Our contact at the local authority confirmed that she had received no formal training on the regulations, though she had clearly educated herself, and having been informed of the breathing space she applied the regulations correctly. Notably, the deputy district judge seemed not to be familiar with the new regulations but, in the event, the adjournment was secured without difficulty.
The breathing space will give our client valuable time to show a pattern of payments and to develop a plan that can be put forward as to how the rent account is going to be conducted in future, such that the council or the court is persuaded that she should not lose her home.
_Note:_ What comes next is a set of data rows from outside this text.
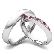 Matching Wedding Band in Platinum Curved Diamond and Ruby Ring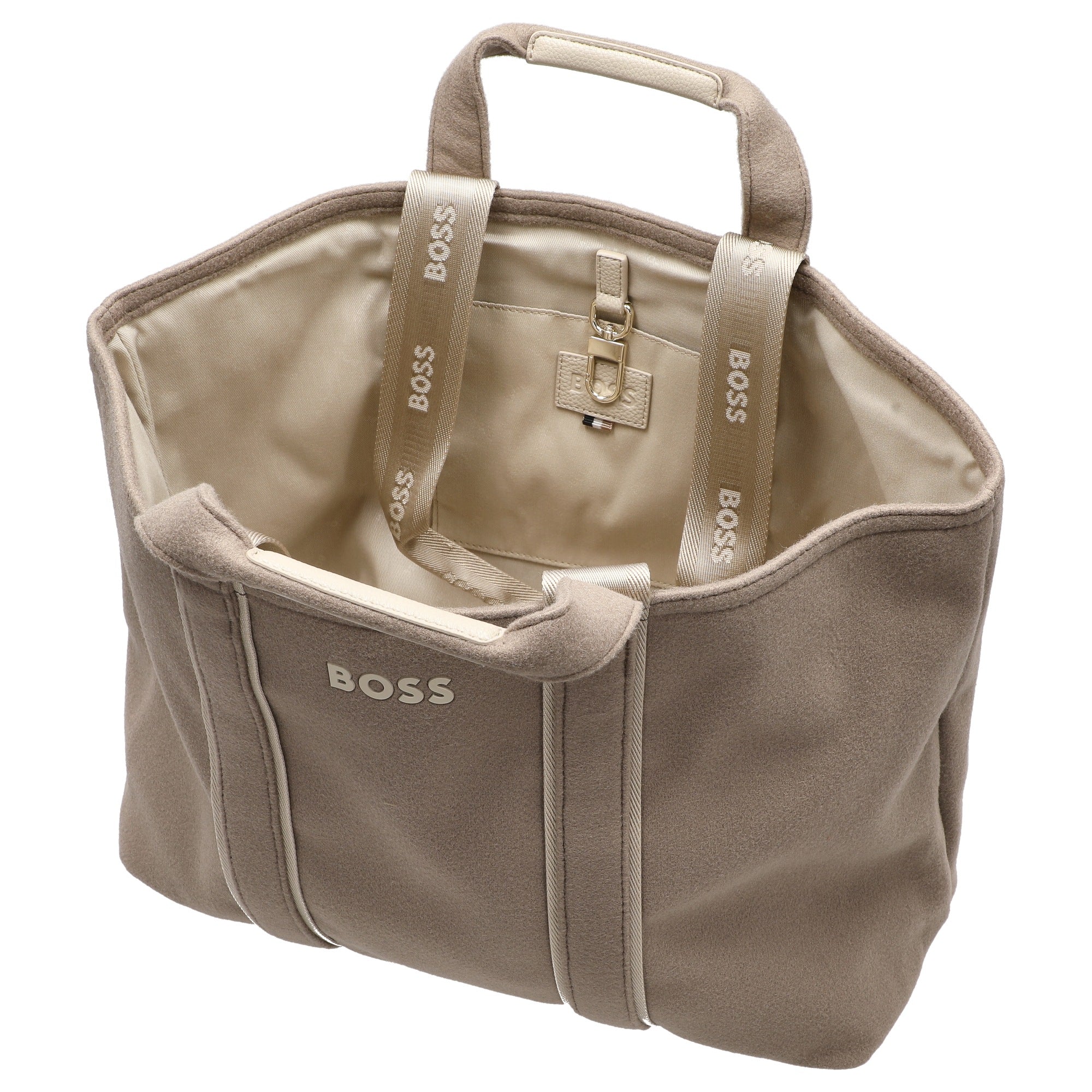 Die BOSS Women Palmah ist ein eleganter Shopper in offenem Braun, der durch sein weiches Gewebe in Woll-Optik besticht. Dieses Modell vereint ein legeres Design mit hochwertigen Details wie dem kontrastfarbenen Branding und Logo-Riemen. Die Tasche bietet eine stilvolle Lösung für den Alltag und ergänzt vielseitig verschiedene Looks. Das nachhaltige Materialkonzept setzt auf recycelten Polyester, was den Shopper besonders wertvoll macht.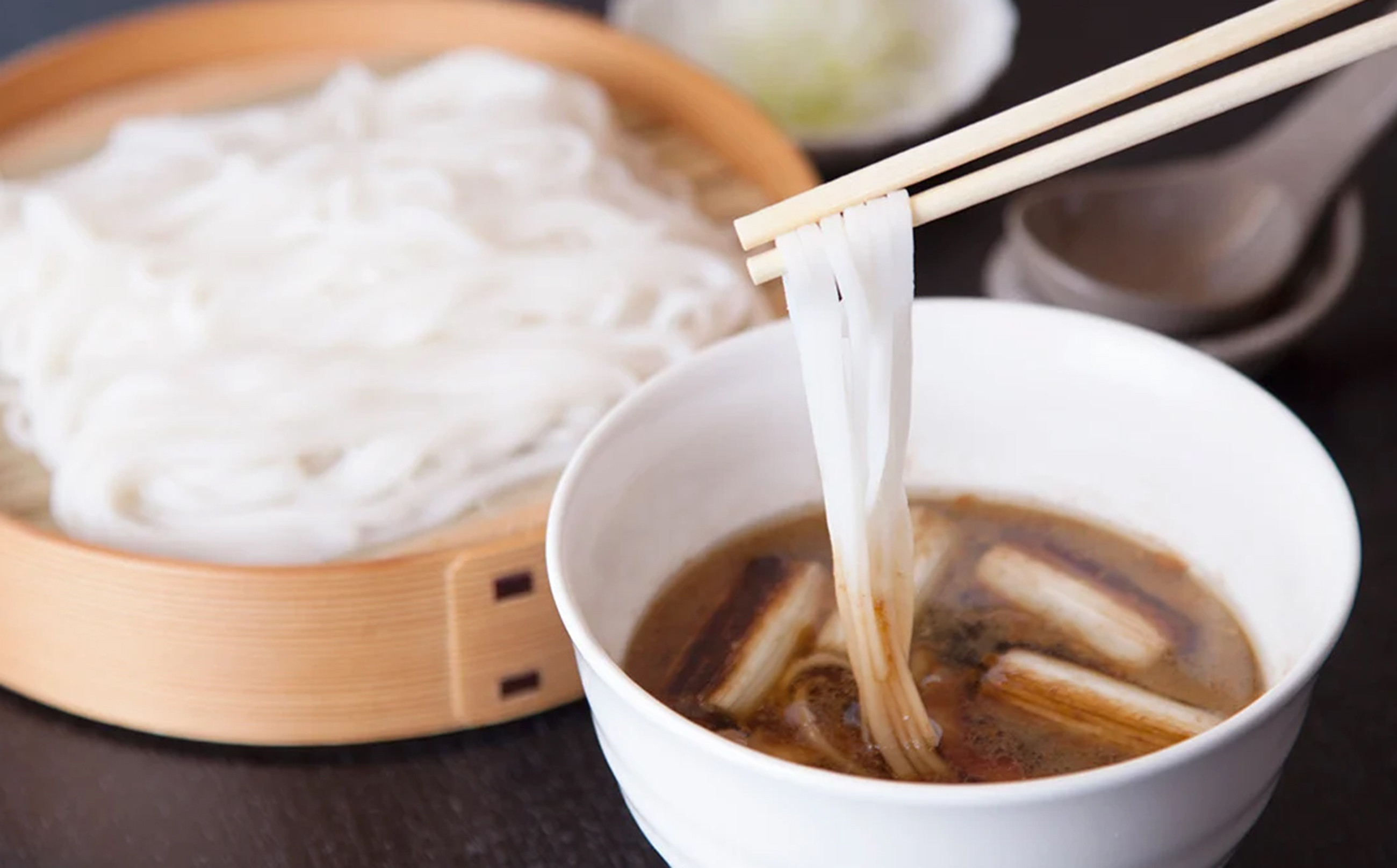 この製法で製粉したOGURA製のうどん「舞麺」は、つなぎを使わずに製麺することができ、ツルツルしてコシがあり、時間が経っても延びないのが特徴です。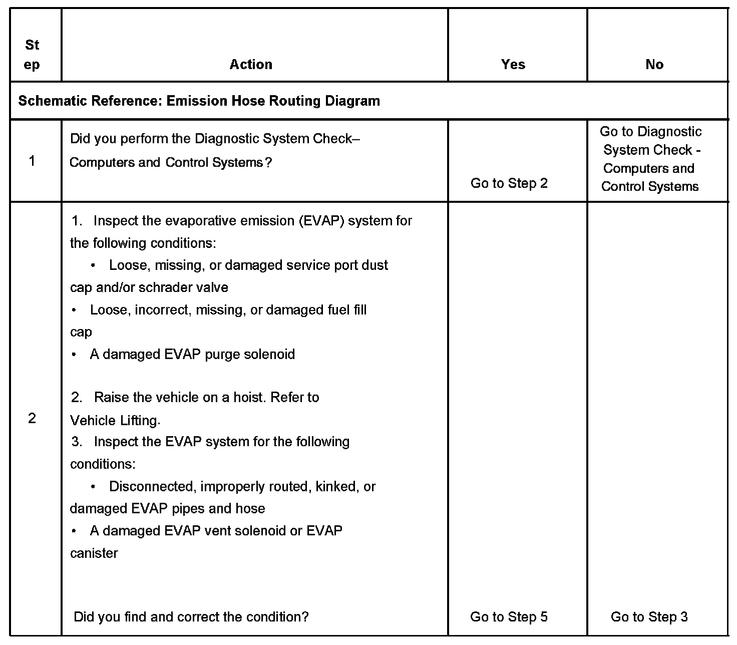 The numbers below refer to the step numbers on the diagnostic table.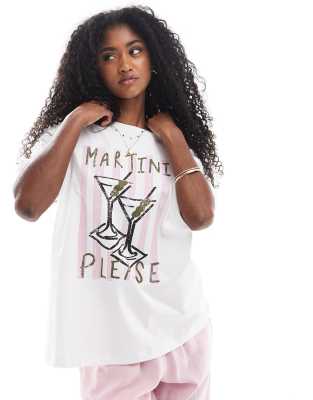 Camiseta blanca y rosa extragrande con estampado gráfico de cócteles de algodón de Threadbare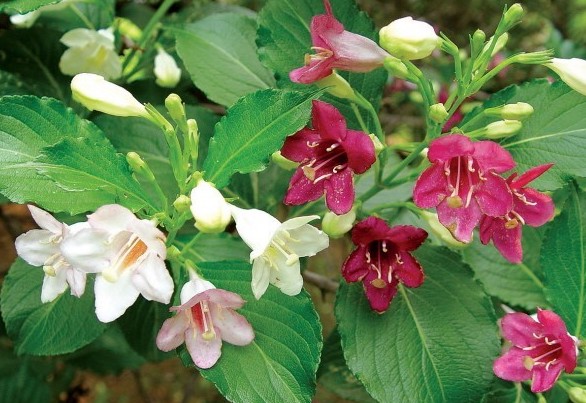 삼색병꽃나무는 원산지가 한국이며 인동과로 낙엽이지는 활엽관목입니다. 높이는 2~3m로 잎은 마주나고 꽃은 가지 끝에서 피며 꽃 색깔은 처음에 꽃봉오리가 벌어질 때 흰색으로 피었다가 점점 분홍색으로 변하면서 다시 붉은색으로 피는 게 특징입니다.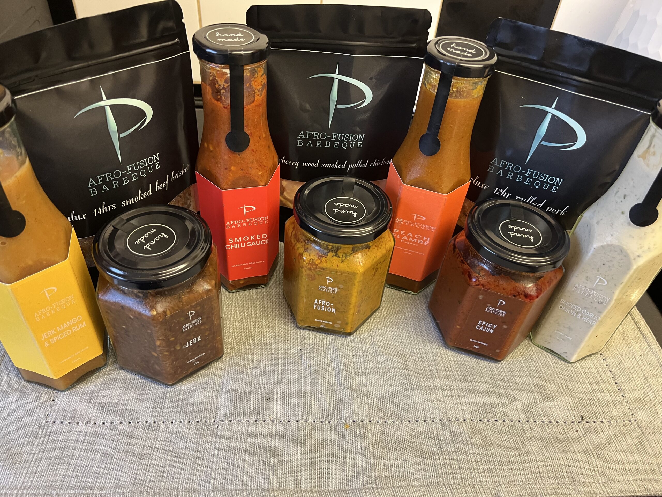 Our pulled beef is made from our unique blend of premium beef cuts, with the main cut being brisket. The beef is barbecued over cherry and hickory wood for 12 hours before being braised In our fusion sauce until it falls apart and is melt in the mouth tender. The beef is marined in the braising liquid, which has a sweet, spicy and smokey taste.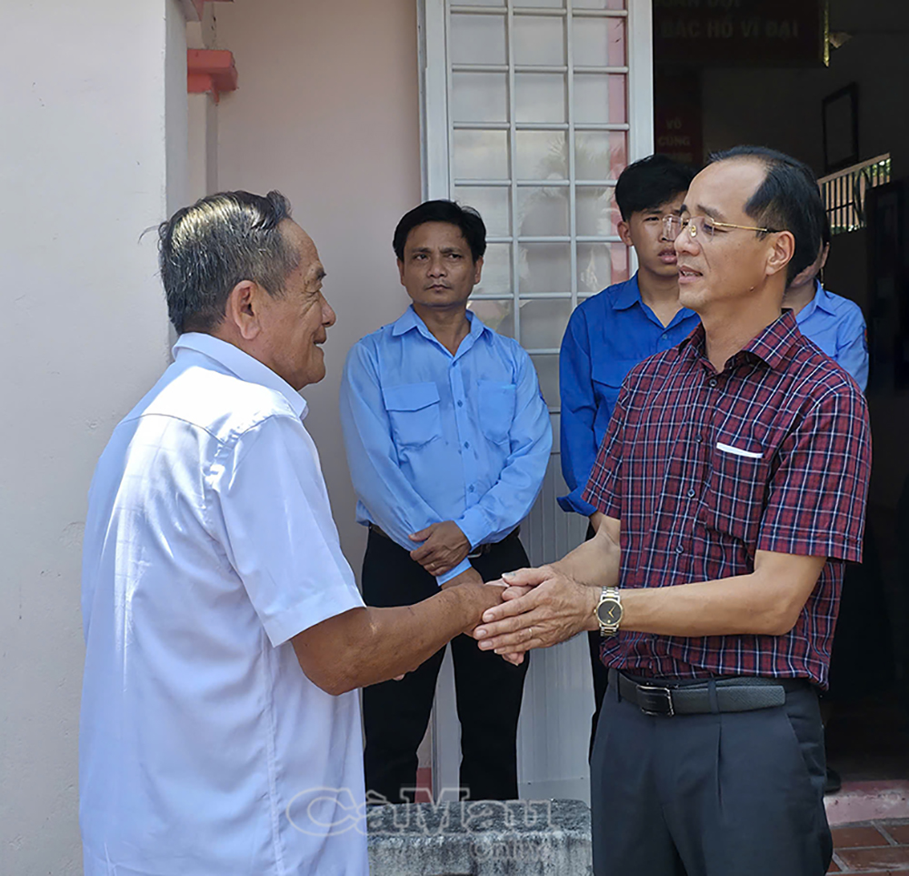 Bí thư Đảng ủy xã Vĩnh Thanh Ngô Nguyên Phong tri ân cựu chiến binh Nguyễn Văn Dậu đã truyền cảm hứng cho thế hệ trẻ.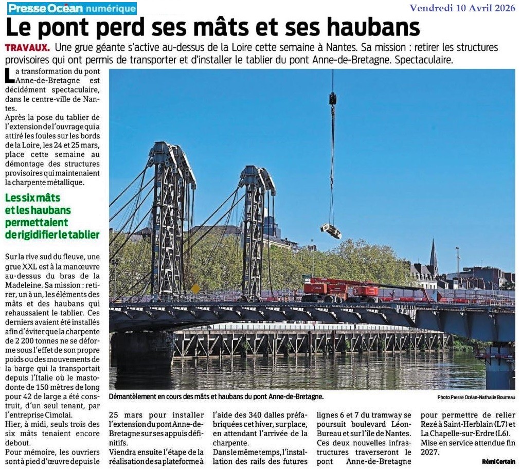 Le pont perd ses mâts et ses haubans - Presse Océan 10 avril 2026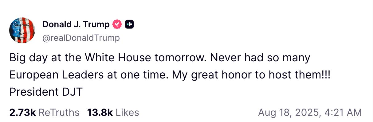 - Великий день у Білому домі завтра. Ще ніколи не було стільки європейських лідерів одночасно. Для мене велика честь приймати їх!!! - йдеться у дописі Трампа.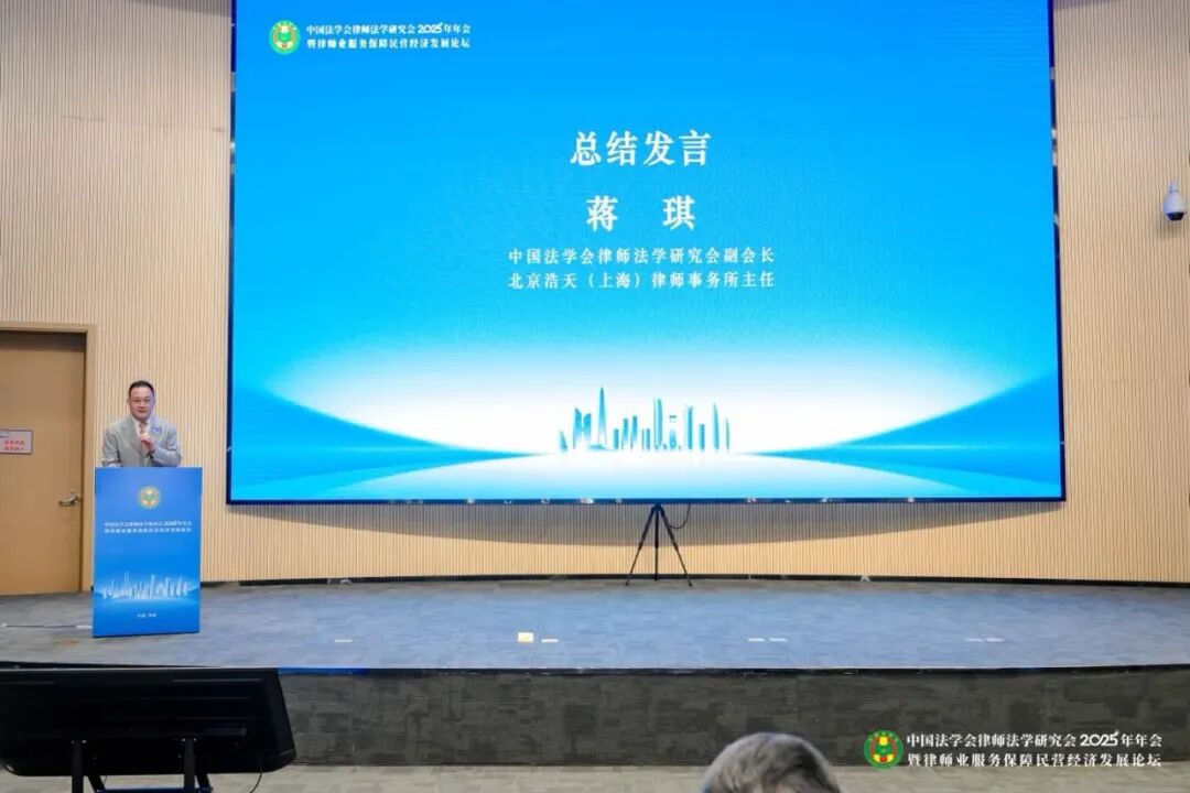 中国法学会律师法学研究会副会长、北京浩天(上海)律师事务所主任蒋琪律师受邀出席论坛并作大会总结发言。蒋琪律师在发言中高度评价本次会议的价值,指出论坛内容兼具理论深度与实践温度,既包含对民营经济法治保障的理论剖析,也涵盖律师服务实践的经验总结,更有对行业未来发展的前瞻思考,真正实现了“理论与实践同频、学界与业界共振”。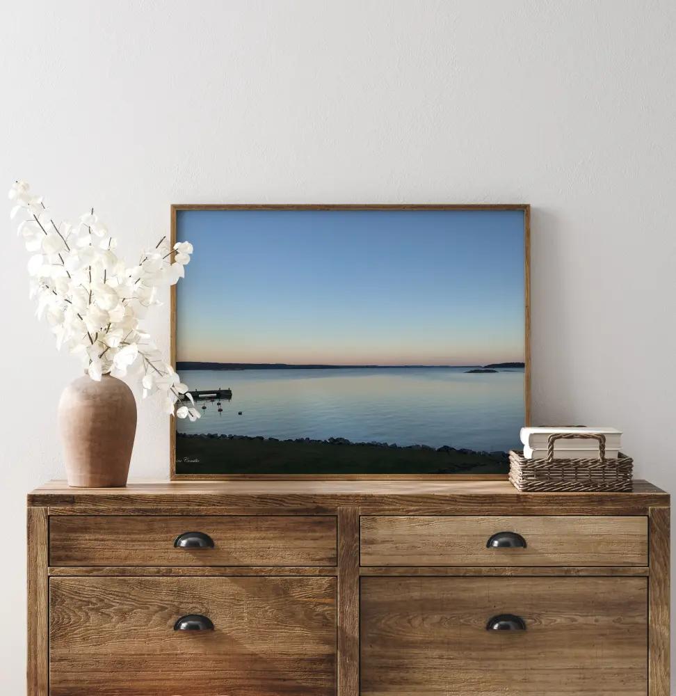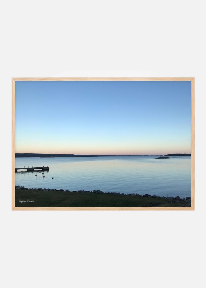 Egy fotóposzter a svéd szigetvilágról, szigetekkel és zátonyokkal a gyönyörű naplementében. Egy stég a mellette lévő úszóbójákkal egy kis extra életet ad a képnek. Egy csodásan megnyugtató poszter, amelyet Saphira Consilio fotós készített.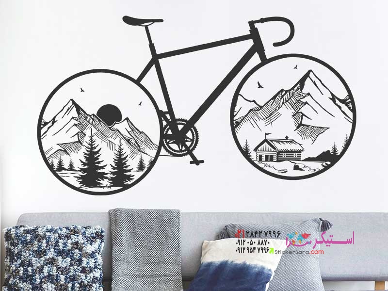 یک ایده عالی برای دکوراسیون نه تنها برای دوچرخهسواران پرشور: برچسب دیواری دوچرخه مسابقهای با منظره کوهستانی که از طریق چرخهای طرحدار قابل مشاهده است.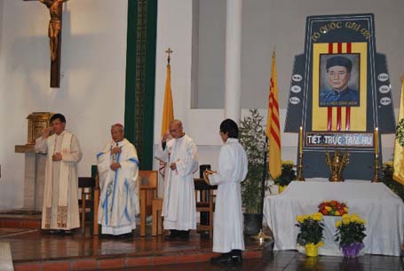 Westminster (Vân Giang) - Hội Ái Hữu Người Việt Quốc Gia Hải Ngoại do cụ Cao Xuân Vỹ đứng đầu đã tổ chức Thánh Lễ cầu nguyện và tưởng niệm cố Tổng Thống Ngô Đình Diệm cùng các chiến sĩ Quốc Gia vào lúc 1 giờ 30 chiều Thứ Bảy, ngày 27.10.2012 tại thánh đường Blessed Sacrament Church ở thành phố Westminster, do Đức Giám Mục Mai Thanh Lương chủ tế và 4 Linh mục đồng tế. Trước thánh lễ, có rước di ảnh cố Tổng Thống lên lễ đài.
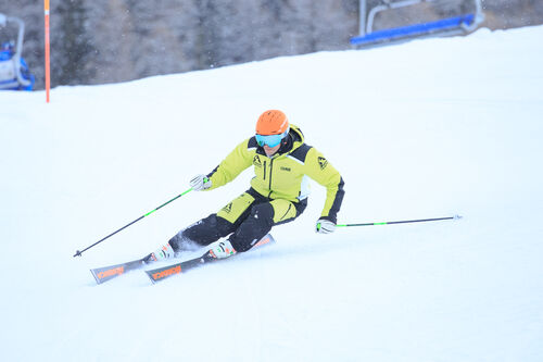 Lo sci è “polivalente, molto intuitivo: si riesce a cambiare curva con facilità e la tenuta è molto buona” racconta Laura Jardi al termine del test. La struttura riesce ad assorbire bene le vibrazioni del terreno, si fa condurre ma anche sciare con leggere rotazioni dei piedi, “è leggero ma tagliente, sempre presente sotto il piede e sempre piantato a terra” spiega Federico Mezzavilla.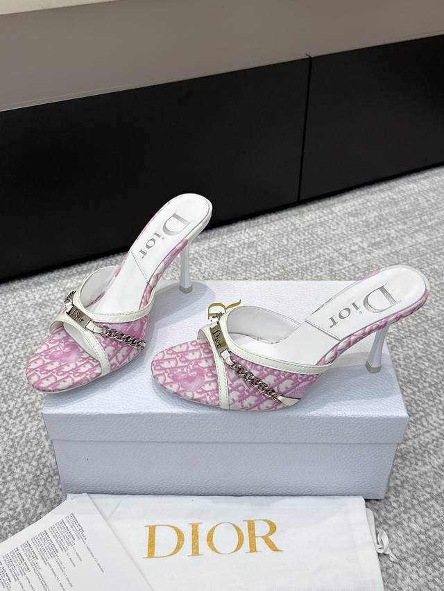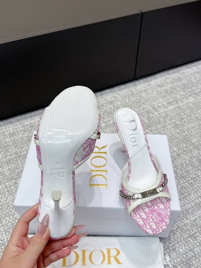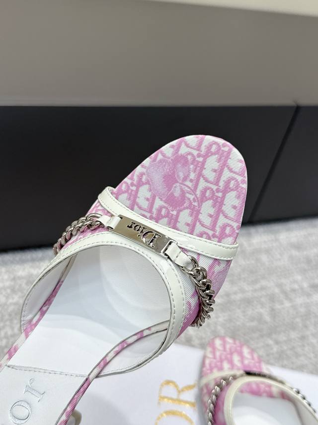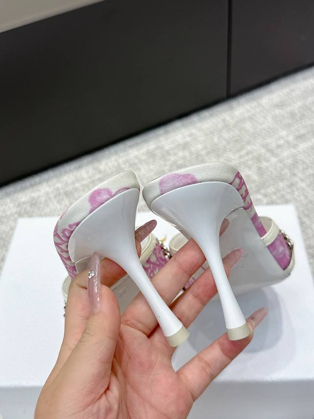 代购级 Dio*25S新款 老花刺绣Logo高跟鞋 上脚的脚感简直绝了!超级无敌舒适!垫脚分层凸起设计,更符合人体工学!走路更舒适!鞋面采用魔术贴刺绣工艺,精美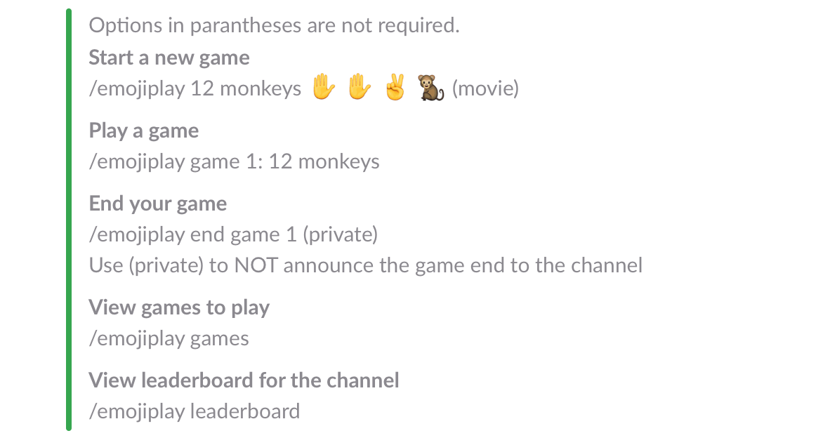 From there, go to your Slack channel of choice and start a game: /emojiplay 12 monkeys :hand: :hand: :v: :monkey: (movie)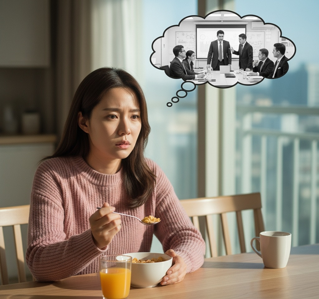 아침 식탁에 앉아서도 포크를 든 손이 미세하게 떨렸다. 남편 준이 물끄러미 그녀를 바라보며 말했다. "마리, 또 그 생각에 잠겨있네. 아직 일어나지도 않은 일들을 왜 그렇게 걱정해? 분명 잘 해낼 거야."

Citizens Advice made a vital intervention in the warrant problem faced by the client and was also able to make a crucial referral to make good the advice and assistance provided. In cases such as this, it will be equally important for duty advisers and housing lawyers to be in a position to inform the court of the existence of the regulations and how they work, ie:
•in cases where there is a breathing space in place, the court’s responsibilities to effectively stay the matter will need to be set out assertively; and
•in cases where possession proceedings are before the court and a breathing space is contemplated, the duty adviser will need to: (i) set out the workings of the regulations; and (ii) make persuasive representations as to why the court should allow time for an application for a breathing space to be made.
In either case, it follows that duty advisers will need to have good referral arrangements in place with their local authorised debt advisers and vice versa. A representation to the judge confirming who can and will administer the breathing space application is likely to be much more successful than a vague assertion that an application may be considered. Our case shows that the regulations and guidance may need to be explained to a landlord and to the court to ensure that the correct outcome is achieved in proceedings.
It will also be helpful for there to be good arrangements between housing lawyers and debt advisers on the one hand, and mental health lawyers, advisers and professionals on the other, to ensure that the MHC breathing space is utilised where appropriate to provide vital protection to a very vulnerable client group.